Wild-Winter Whodunnit—Climate Change Over the U.S. With a Slow Jet Stream? – Facts So Romantic

This map produced by NOAA shows the land-surface temperature anomaly: how the temperature deviated from normal, on average, over the month. The darkest red areas were 12 degrees Celsius (22 degrees Fahrenheit) above average, while the darkest blue areas were 12 degrees Celsius below average.NOAA

A question hangs like a cloud over the deeply weird winter: Why? What might explain the bizarre warmth of western North America, while the east was buried in a slow-motion avalanche?

Nobody knows for sure, but there’s a very plausible link to climate change. A fast-warming Arctic could alter the jet stream, the vast river of air that flows from west to east around the Northern Hemisphere and drives many of our weather patterns.

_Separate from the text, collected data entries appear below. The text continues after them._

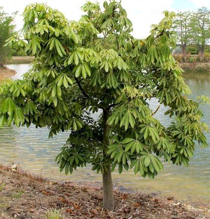 Presenta hojas de color verde oscuro, con aspecto coriáceo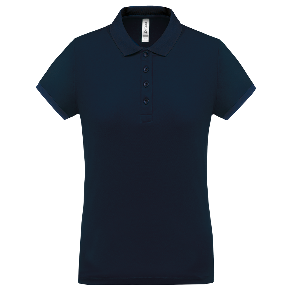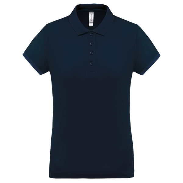 100% piquépolyester Cool Plus®. Getailleerde snit en moderne look. Kraag en mouwuiteinden in contrasterende ribboord. Knoopsluiting met 4 knopen (contrasterend of effen, afhankelijk van het model). Zijsplitten.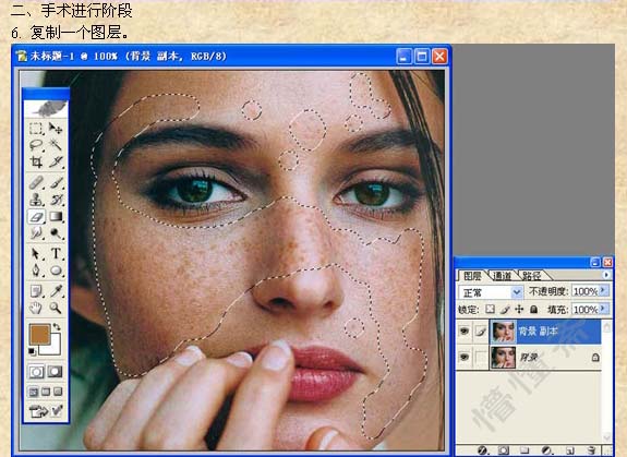 来源:设计中国 作者:懵懂斋 本教程的祛斑方法有点复杂,不过原理大致相同。先把雀斑的大致区域选取出来,适当的模糊处理,然后利用通道及其它滤镜来制作质感。祛斑的方法也很多,可以使用自己的方法去做。 原图 最终效果   1、打开原图素材。 2、把背景图层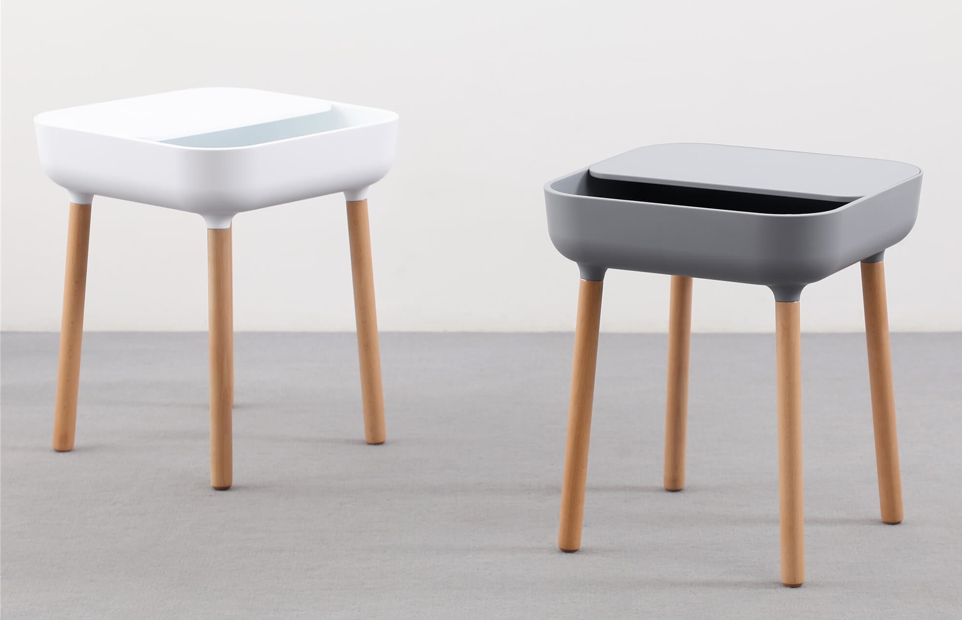 - Mesa Lateral em Plástico Polipropileno e Madeira de Faia.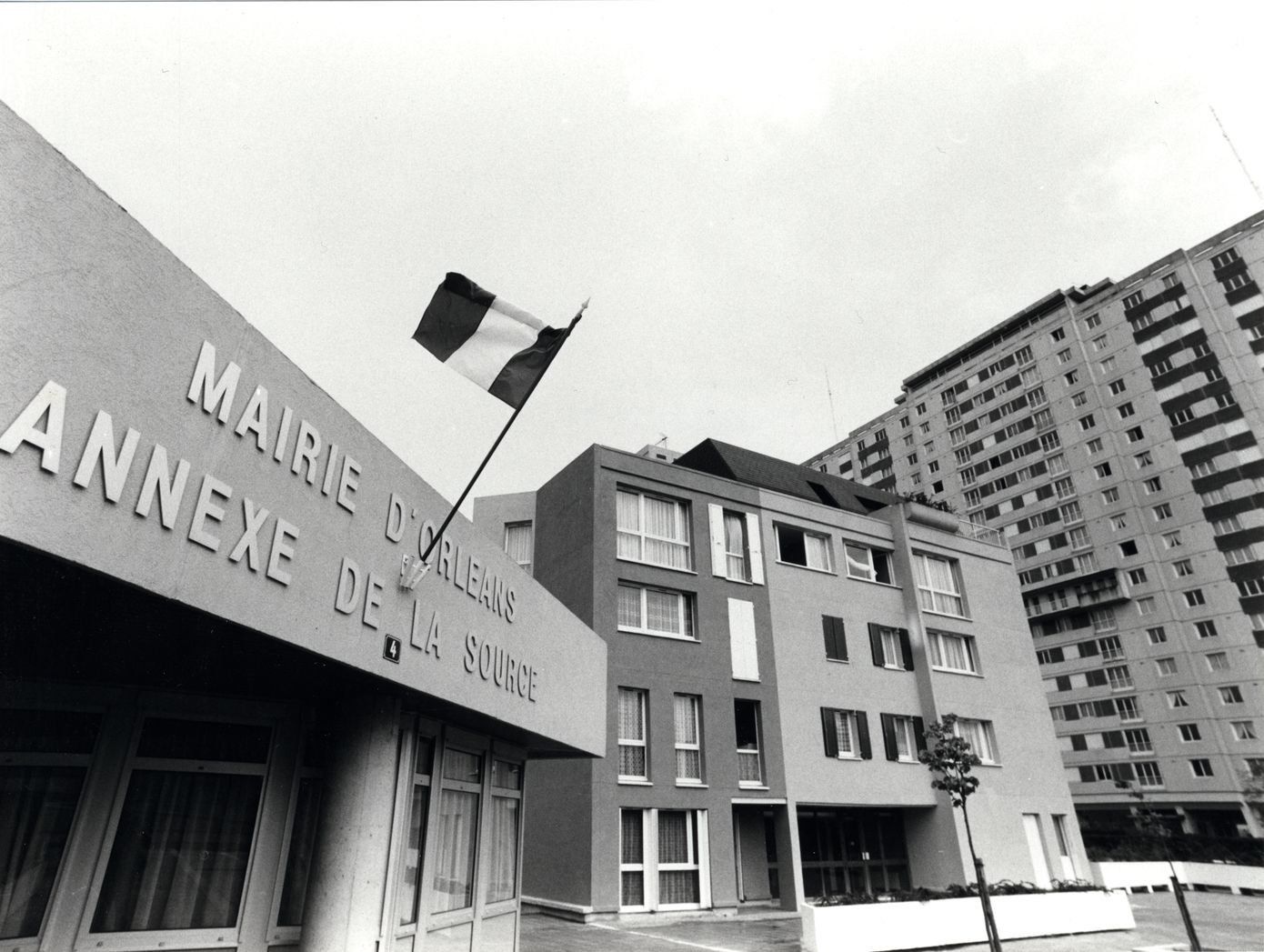 La création de la première mairie annexe est liée à l’urbanisation de La Source. Après avoir fonctionné dans des classes démontables, les services municipaux sont installés en 1966 dans un bâtiment préfabriqué implanté à proximité de la résidence Beauchamps. En 1969, ils déménagent dans des appartements de l’Office municipal d’H.L.M., allée Camille-Flammarion. Enfin, le 10 juin 1981, est inaugurée la mairie actuelle, aménagée dans des lots achetés à la Société Anonyme d’H.L.M. du Loiret dans la résidence Montesquieu, place Choiseul. Fin 1982, le terme de « mairie de quartier » remplace celui de « mairie annexe ».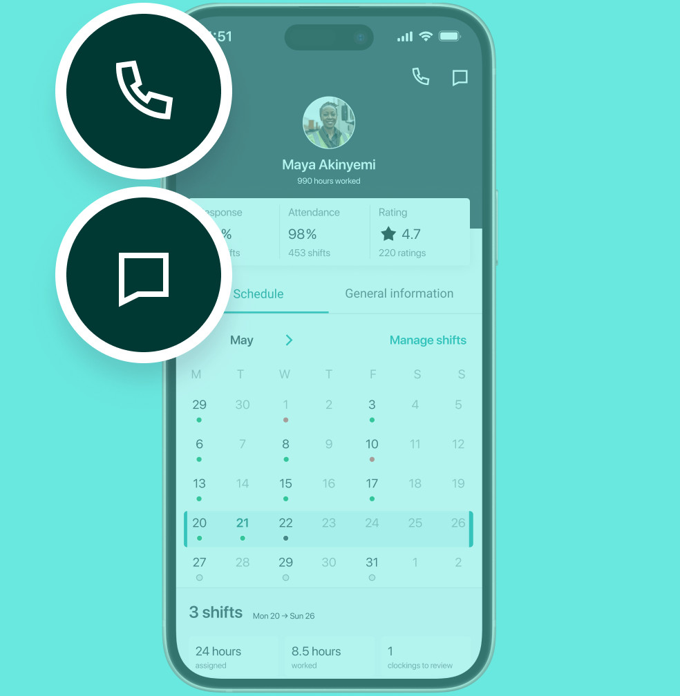 I Job&Talent Business-appen kan du omedelbart se vilka som har bekräftat att de kommer att jobba inför ett skift, vilka som kommer att frånvara, samt tidpunkterna medarbetarna har stämplat in och ut.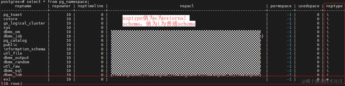 2 普通schema在创建后会将schema的信息记录在pg_namespace中,external schema创建后和普通schema一样也会记录在pg_namespace,可以通过pg_namespace中的nsptype字段区分是external schema还是普通schmea。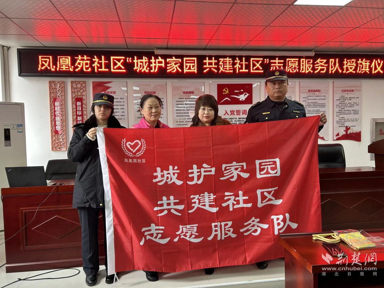 現(xiàn)場(chǎng)為“城護(hù)家園 共建社區(qū)”志愿服務(wù)隊(duì)授旗。通訊員供圖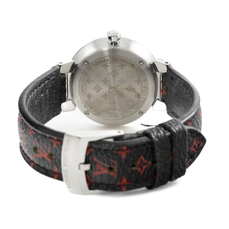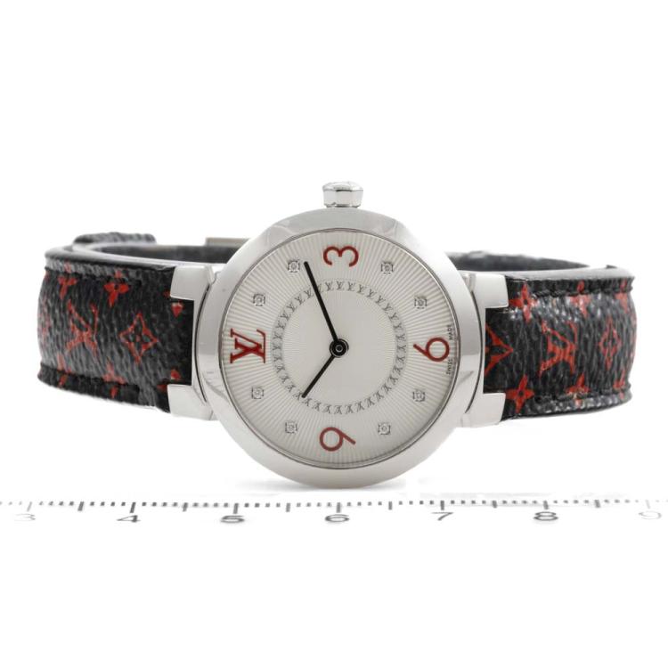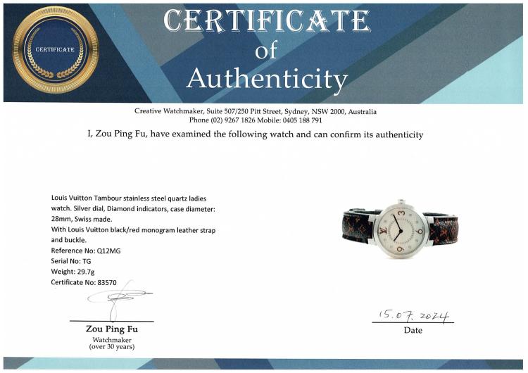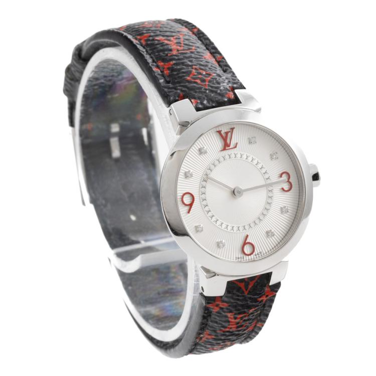 Louis Vuitton Tambour stainless steel quartz ladies watch. Silver dial, Diamond indicators, case diameter: 28mm, strap length: 17.5cm, Swiss made. Ref# Q12MG. With Louis Vuitton black/red monogram leather strap and buckle. With Certificate of Authenticity. 3 month FSA warranty. (Pre-owned)

Caveats apply, of course. Earth’s systems are too fabulously complex to conclusively link a single event to climate change, and research connecting winter weather to warming-induced jet stream fluctuation is still young. That said, “this is exactly the kind of pattern we expect to see more often,” says Jennifer Francis, a Rutgers University climatologist and leading proponent of what’s known as the “warm Arctic, cold continent” hypothesis—though it might better be called, weird continent.